Tidak mengherankan mengapa penulisnya sama bersemangatnya dengan narasi sejarah yang melapisi tekstil kita dan juga materinya. Lebih dari sekedar makna budaya pakaian kita, komposisi kain tradisional kita juga patut dikagumi. Pina, sebagai ratu tekstil Filipina, merupakan kontradiksi yang indah dalam bentuk literal. Transparan, lembut, namun kaku, merupakan zat halus, terdiri dari banyak buah tanaman nanas, yang melayang di atas kulit seperti awan asap untuk “merangsang imajinasi”. Jenis bahan seperti itu juga menghindari mekanisasi dan hanya dapat diubah menjadi bahan yang dapat dipakai oleh tangan-tangan terampil penenun melalui proses yang panjang dan melelahkan. Masyarakat kolonial yang ditulis Coo, di tengah parade kemegahan dan kesombongannya, ditampilkan melalui keindahan tekstil lokal yang menggoda.

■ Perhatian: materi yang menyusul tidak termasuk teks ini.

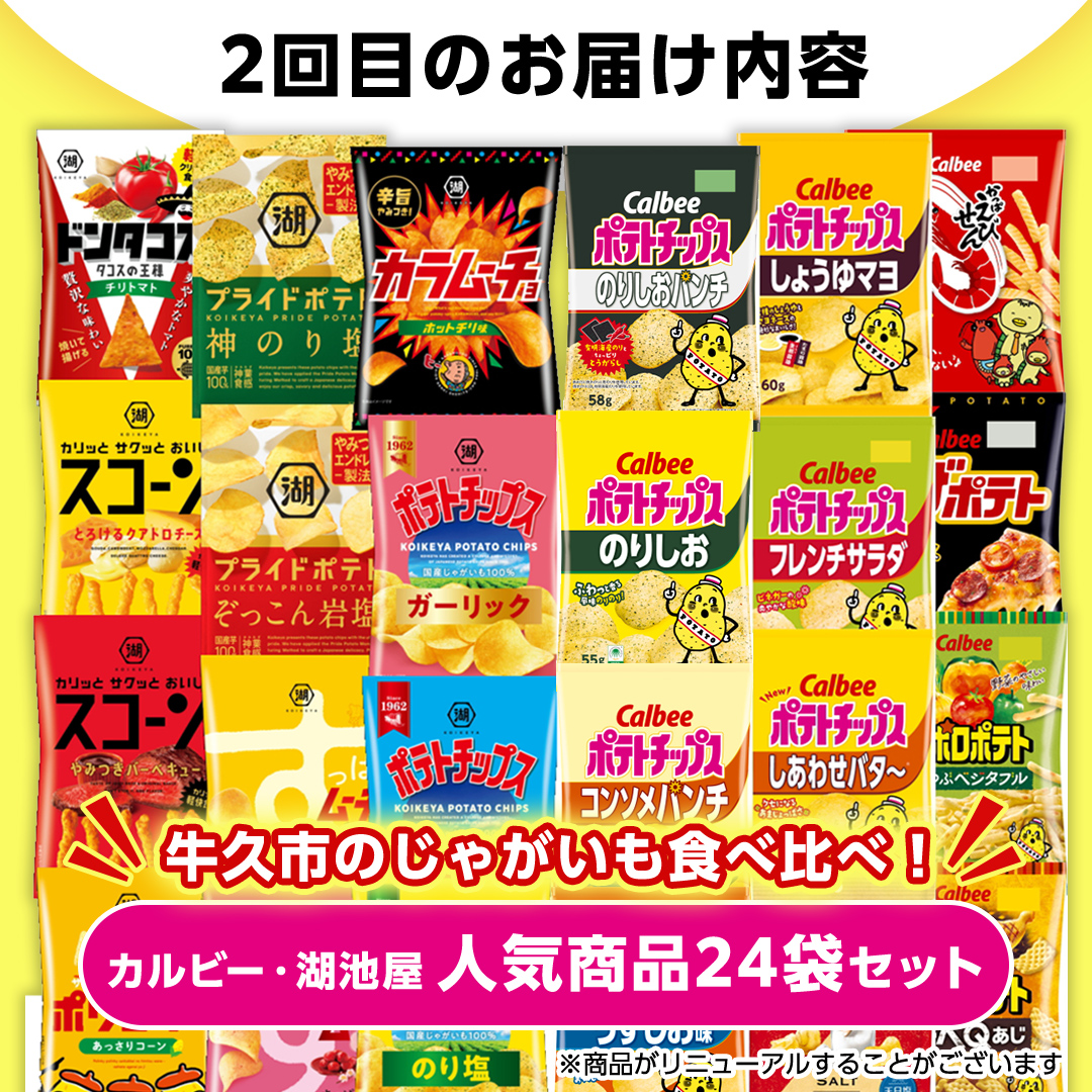 茨城県牛久市のじゃがいも食べ比べ スナック菓子を毎月定期便でお届けいたします。
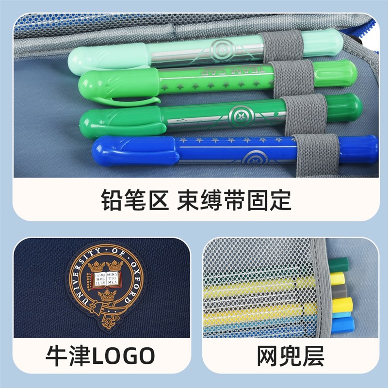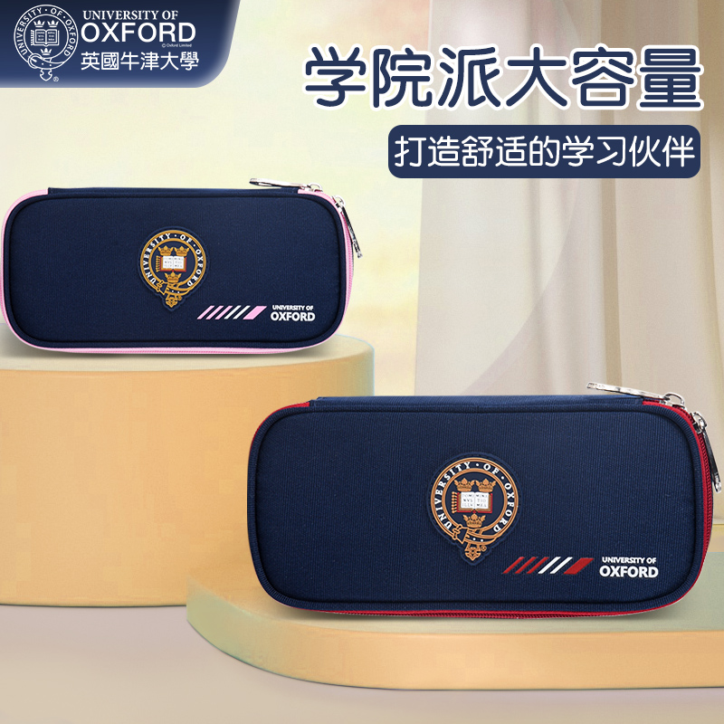 牛津大学小学生笔袋男童简约大容创意分层铅笔盒多功能儿童文具盒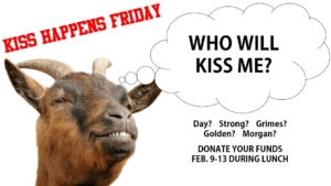The “Kiss a Goat” fundraiser has returned during lunches to target five Timber Creek teachers and coaches for a Friday afternoon lip lock. Donate any amount during lunches to the rolling “goat” cart through Feb. 13 to decide which of Read more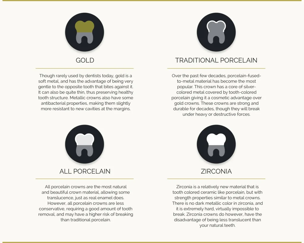 Zirconia is a relatively new material that is tooth colored ceramic like porcelain, but with strength properties more similar to that of metal crowns. There is no dark metallic color in zirconia, and it is extremely hard, virtually impossible to break. Their cosmetic appearance is almost as nice as all porcelain crowns. Zirconia crowns do however, have the disadvantage of being less translucent than your natural teeth.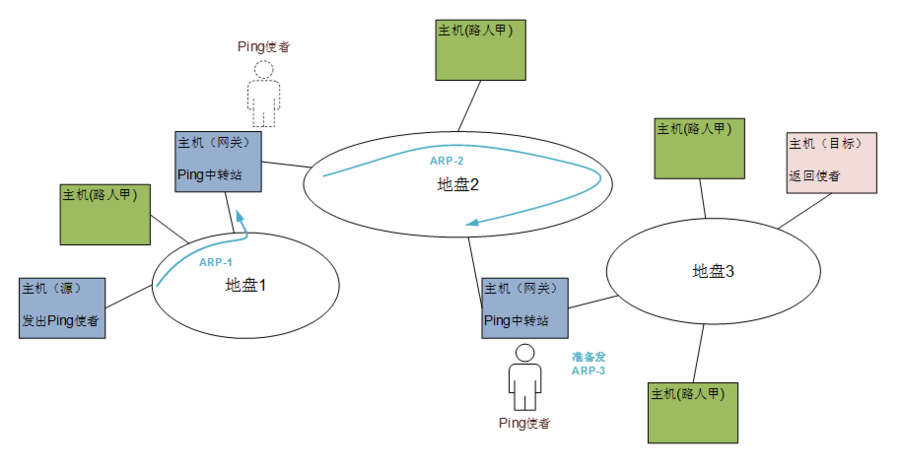 当Ping报文拥有了ARP这个探路神器后,想要到达最终的目的地就相当的easy了。当他处于一个站点,面对一个新的地盘的时候,先吼一声ARP大招,就知道一下站出口在哪里了。然后直接跳到下一站,接着再吼一声ARP找出下一站位置,继续跳到下一站。这样重复N次就到达了最终目的地。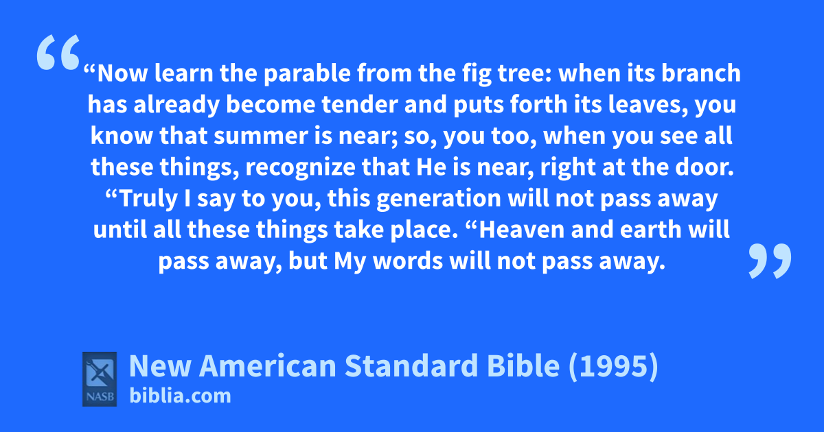 32 “Now learn the parable from the fig tree: when its branch has already become tender and puts forth its leaves, you know that summer is near;
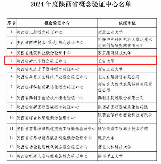 近日,陜西省科技廳公示了2024年度概念驗證中心和中試基地認定名單,汽車學院牽頭申報的“陜西省新汽車概念驗證中心”成功獲批。該中心是汽車學院在科技成果轉化方面的新突破,也是長安大學首個概念驗證中心,全省首個專注于驗證汽車新技術、解決汽車產業科技成果轉化“最初一公里”問題的科技成果驗證平臺。

Masa kini kita sebaiknya beralih ke tradisi busana kita sebagai inspirasi karena masa lalu diceritakan melalui kumpulan materi kita. Didasari oleh kecepatan konsumsi dan produksi yang tiada henti, sebagian besar kehidupan modern dihabiskan di lautan bangunan klinis tanpa seluk-beluk sejarah, atau mungkin, mungkin saja, kemanusiaan kita. Misalnya, sebagian besar pakaian yang kita kenakan diproduksi di pabrik-pabrik anonim di negara-negara berkembang yang melanggar kondisi ketenagakerjaan dan bergantung pada siklus tren (yang tidak) berkelanjutan. Namun yang cepat namun modis tentu saja laris manis dan dengan harga terjangkau. Sama seperti modernitas dalam gaya hidup kita yang memerlukan sampah-sampah ini, sampah-sampah ini juga membantu kita mengejar ketertinggalan arus modernitas.

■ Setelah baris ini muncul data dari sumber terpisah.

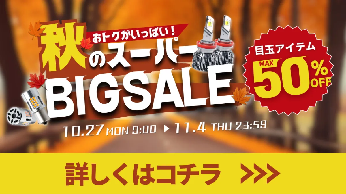 この秋のビッグセールは、秋のドライブシーズンや冬に向けた車の準備にも最適な機会です。セールは10月27日(月)9:00からスタートし、11月4日(火)23:59まで続きます。公式のAmazonストアであれば安全に購入できるため、ぜひこの機会をお見逃しなく!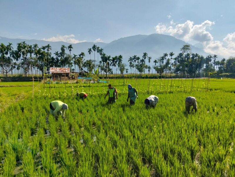 Kutacane Agaranews.com – Babinsa Koramil 0108-07/Semadam Kopda Bahagia jajaran Kodim 0108/Agara membantu masyarakat membersihkan gulma padi milik ibu Sarimah di desa Lawe kinga Lapter kecamatan Semadam Kabupaten Aceh Tenggara, Selasa (14/10/2025).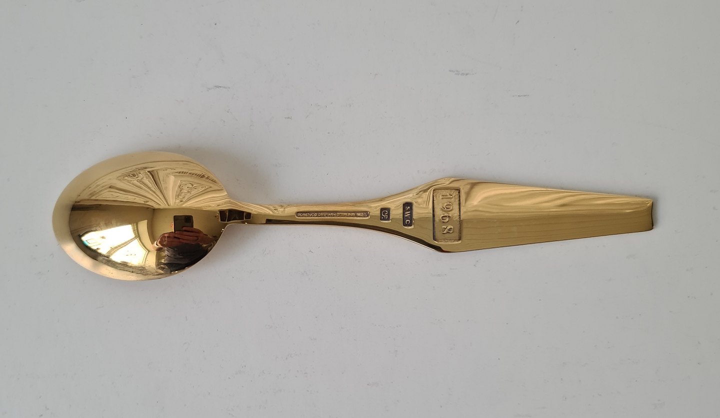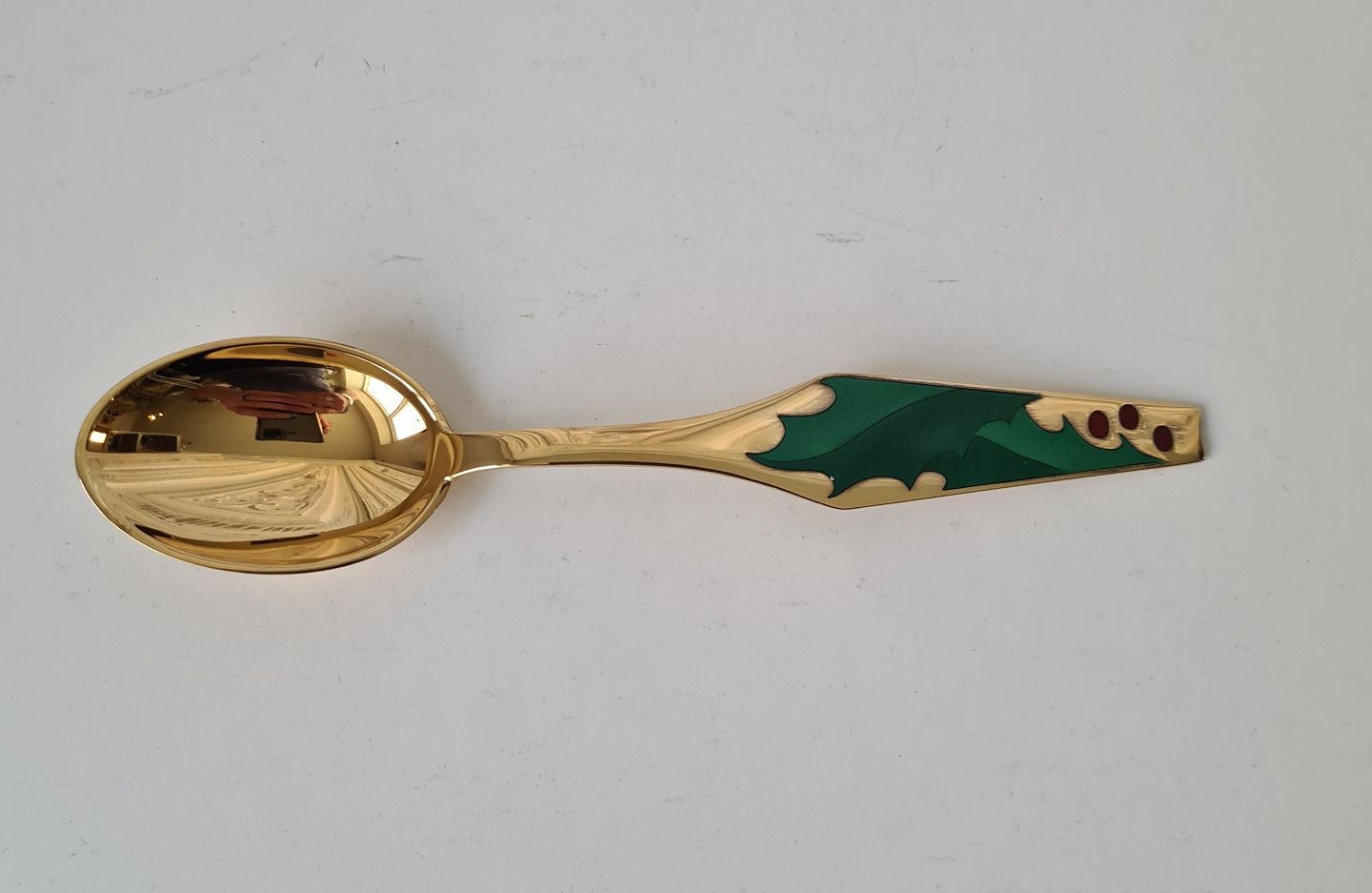 Sorenco juleske i forgyldt sterlingsølv dekoreret med kristtjørn i emalje fra 1968.

Namun, sampai kapan kita membiarkan cerita-cerita kita saat ini direplikasi pada produk-produk sintetis, dan sampai kapan kita menjadi terlibat dalam budaya yang tumbuh subur? Jawabannya tidak sederhana. Tapi mungkin ada cara bagi nostalgia untuk berkompromi dan meresap ke dalam jalinan masa kini, seperti yang mungkin dirindukan Coo dalam menulis bukunya yang memenangkan penghargaan. – Rappler.com

Addie Pobre adalah manajer proyek Penghargaan Buku Nasional ke-39.

Setelah dua tahun berlangsung secara virtual, Pameran Buku Internasional Manila (MIBF) akhirnya kembali diadakan tahun ini di SMX Convention Center, Kompleks Mall of Asia di Kota Pasay dari tanggal 15 hingga 18 September.